Information: reveals the meaning of data and is produced through the processing of the data into meaningful output, summations and categorizations. (Persons Age, Average student Age, Average student mark, Students GPA)

Before the Advent of Database Systems

File-based Systems

It refers to the way data is managed or stored before databases are used.

One way to keep information on a computer is to store it in permanent files

  • You create a series of folders and files to store the information in a way that makes sense to you.

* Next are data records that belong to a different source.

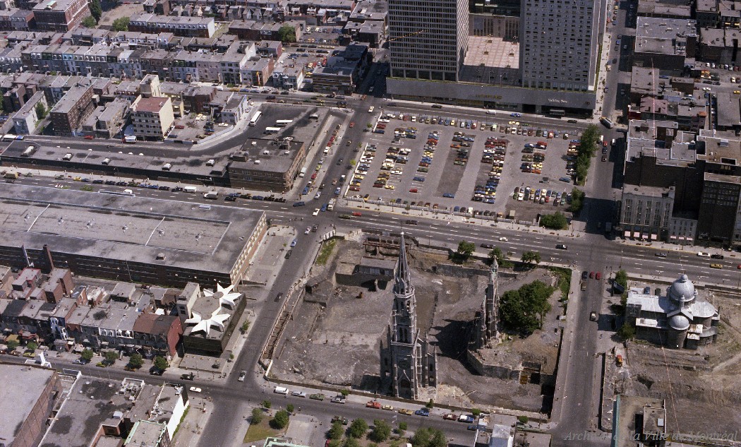 The bell tower of the former Saint Jaques Cathedral and the parking lot that preceded Place Emilie-Gamelin, 9th of June 1976. Photo by Vincent Massaro, credit to Archives de Montréal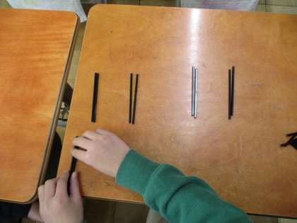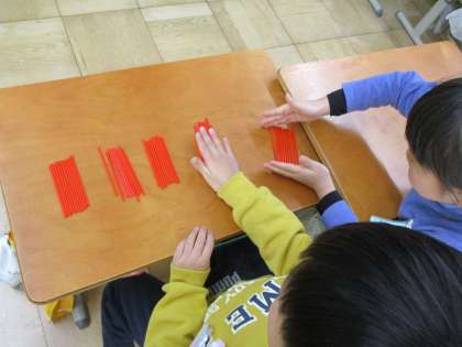 20よりも大きな数の学習が始まりました。今日は、棒の数を数えて、いくつになるのかを考えました。2本ずつ並べたり、5本ずつ並べたりしていましたが、10のまとまりを作ると数えやすいことに気が付いていました。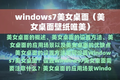 Windows 7美女桌面是指在Windows 7操作系统中,用户可以将自己喜欢的美女图片设置为桌面背景。Windows 7美女桌面的特点在于其图片质量高、色彩鲜艳、清晰度高,可以让用户在工作或学习之余,享受到一份美的享受。
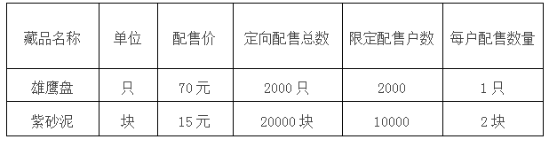 應廣大投資人的強烈需求,經景德鎮陶瓷交易所研究決定,向新開戶投資人定向配售《雄鷹盤》、《紫砂泥》兩個藏品,具體事項公告如下: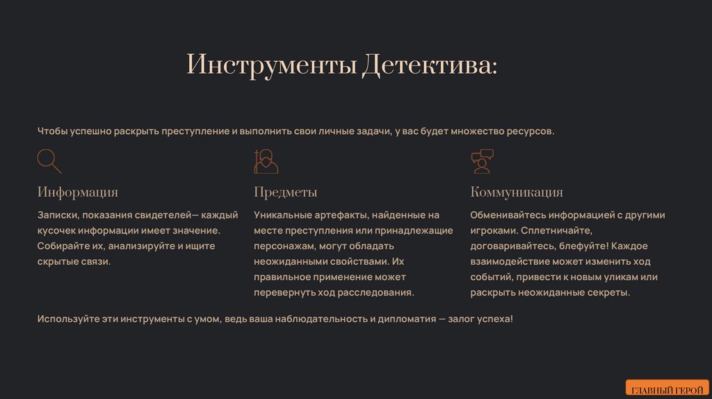 Инструменты Детектива:Чтобы успешно раскрыть преступление и выполнить свои личные задачи, у вас будет множество ресурсов.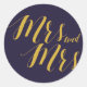 Un autocollant de mariage rustique chic, présente le "Mrs et Mrs" avec des écritures en couleur or sur l'arrière - plan bleu cobalt.
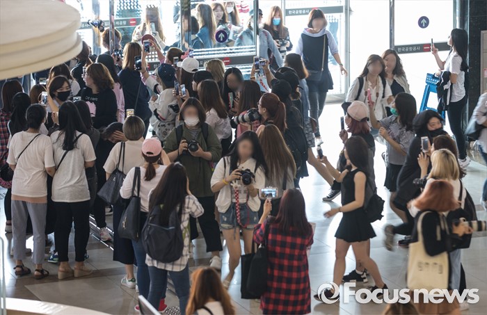 (서울=포커스뉴스) 27일 오전 서울 강서구 김포공항에서 배우 박해진의 팬들이 사진촬영을 위해 분주히 움직이고 있다.

Disadvantages of the file-based approach

Data Redundancy

Data that is stored in more than one location has inherent problems.

can lead to:

  • Inconsistency in data format
  • The same info being kept in several different places (files)
  • Data inconsistency, a situation where various copies of the same data are conflicting, wastes storage space and duplicates effort

Data Repetition

Data that is stored in one location, but repeated many times also has enherent problems.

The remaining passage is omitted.